● **TASK DESCRIPTION**: Using only the entries below, copy exactly the lines that begin at the one with "Orecchini tennis pendenti" and end at the one with "Mobile schedario da", both included. Drop the pictures.

--- DATA FOR REVIEW ---

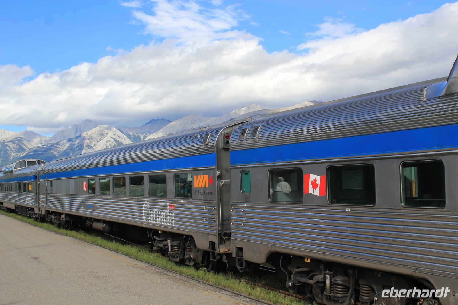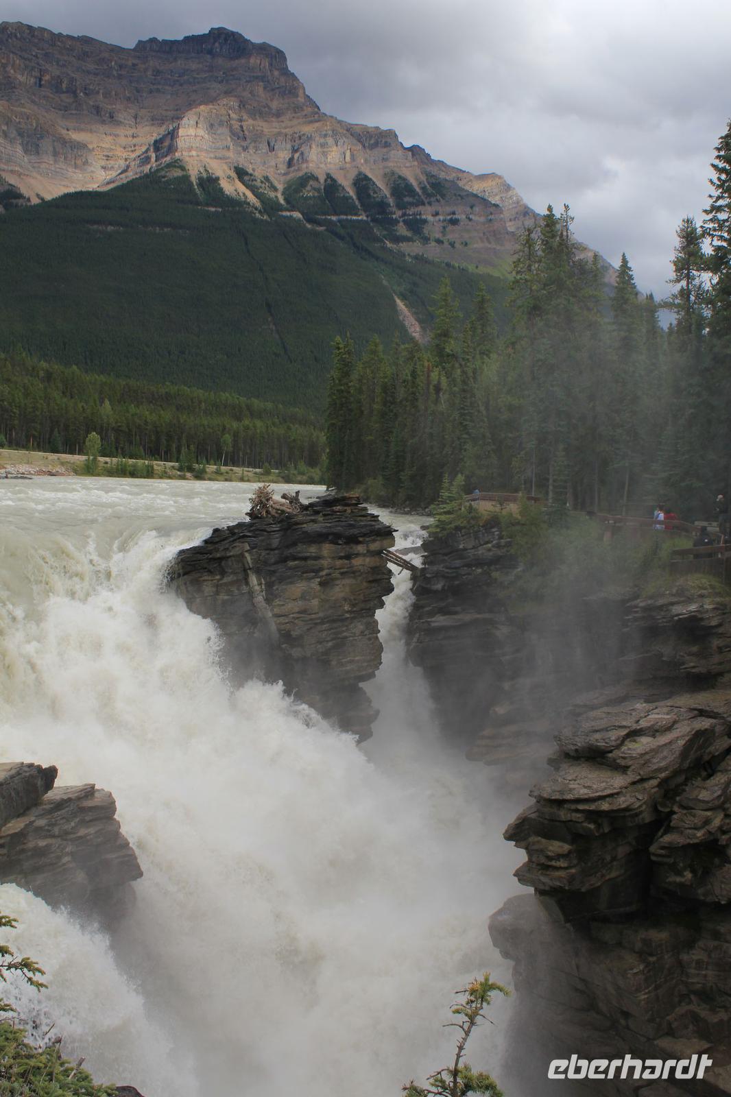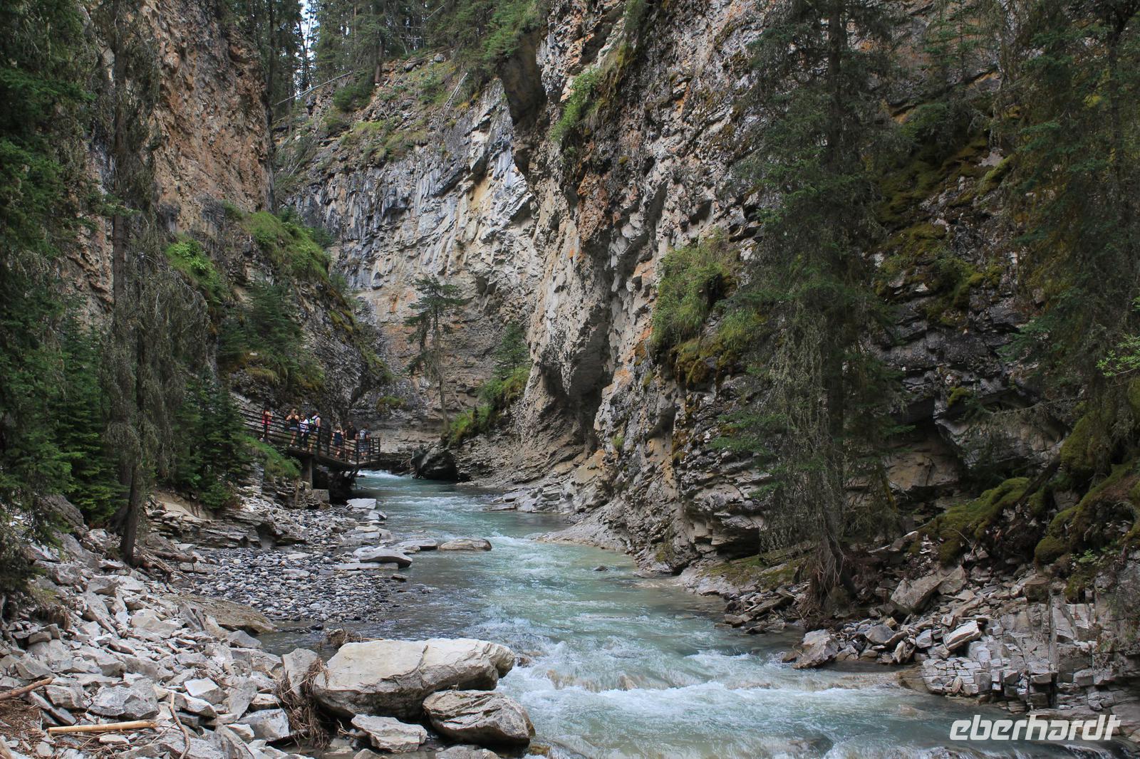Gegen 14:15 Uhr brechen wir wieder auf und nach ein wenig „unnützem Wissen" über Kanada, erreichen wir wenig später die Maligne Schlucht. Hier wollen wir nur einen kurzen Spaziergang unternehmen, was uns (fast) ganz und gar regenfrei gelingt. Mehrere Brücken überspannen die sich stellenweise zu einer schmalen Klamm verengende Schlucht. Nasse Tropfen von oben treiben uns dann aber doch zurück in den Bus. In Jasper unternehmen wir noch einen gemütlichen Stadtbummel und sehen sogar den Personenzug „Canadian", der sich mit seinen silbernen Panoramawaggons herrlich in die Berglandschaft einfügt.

---
--- DATA FOR REVIEW ---

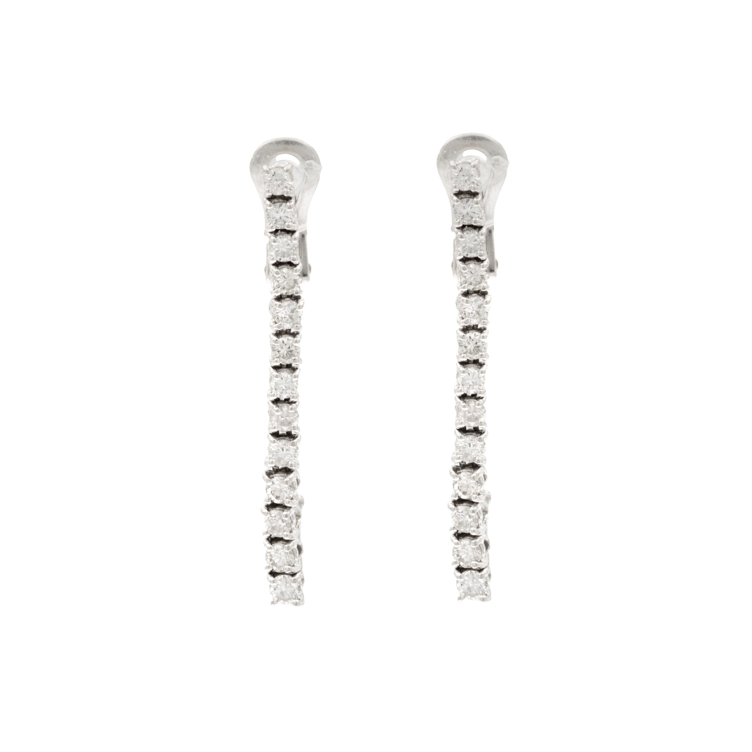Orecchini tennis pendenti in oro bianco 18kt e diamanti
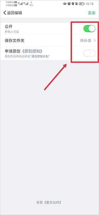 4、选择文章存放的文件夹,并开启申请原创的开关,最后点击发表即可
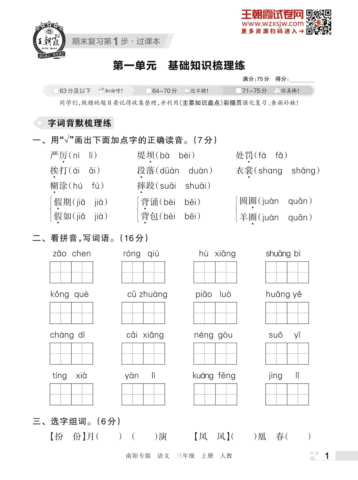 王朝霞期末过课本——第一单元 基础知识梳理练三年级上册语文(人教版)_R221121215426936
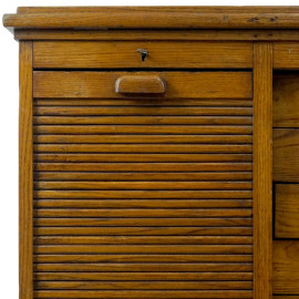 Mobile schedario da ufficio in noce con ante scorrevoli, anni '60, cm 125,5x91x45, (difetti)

---

● **WORKED SOLUTION**:
Orecchini tennis pendenti in oro bianco 18kt e diamanti
 4、选择文章存放的文件夹,并开启申请原创的开关,最后点击发表即可
 王朝霞期末过课本——第一单元 基础知识梳理练三年级上册语文(人教版)_R221121215426936
 Mobile schedario da ufficio in noce con ante scorrevoli, anni '60, cm 125,5x91x45, (difetti)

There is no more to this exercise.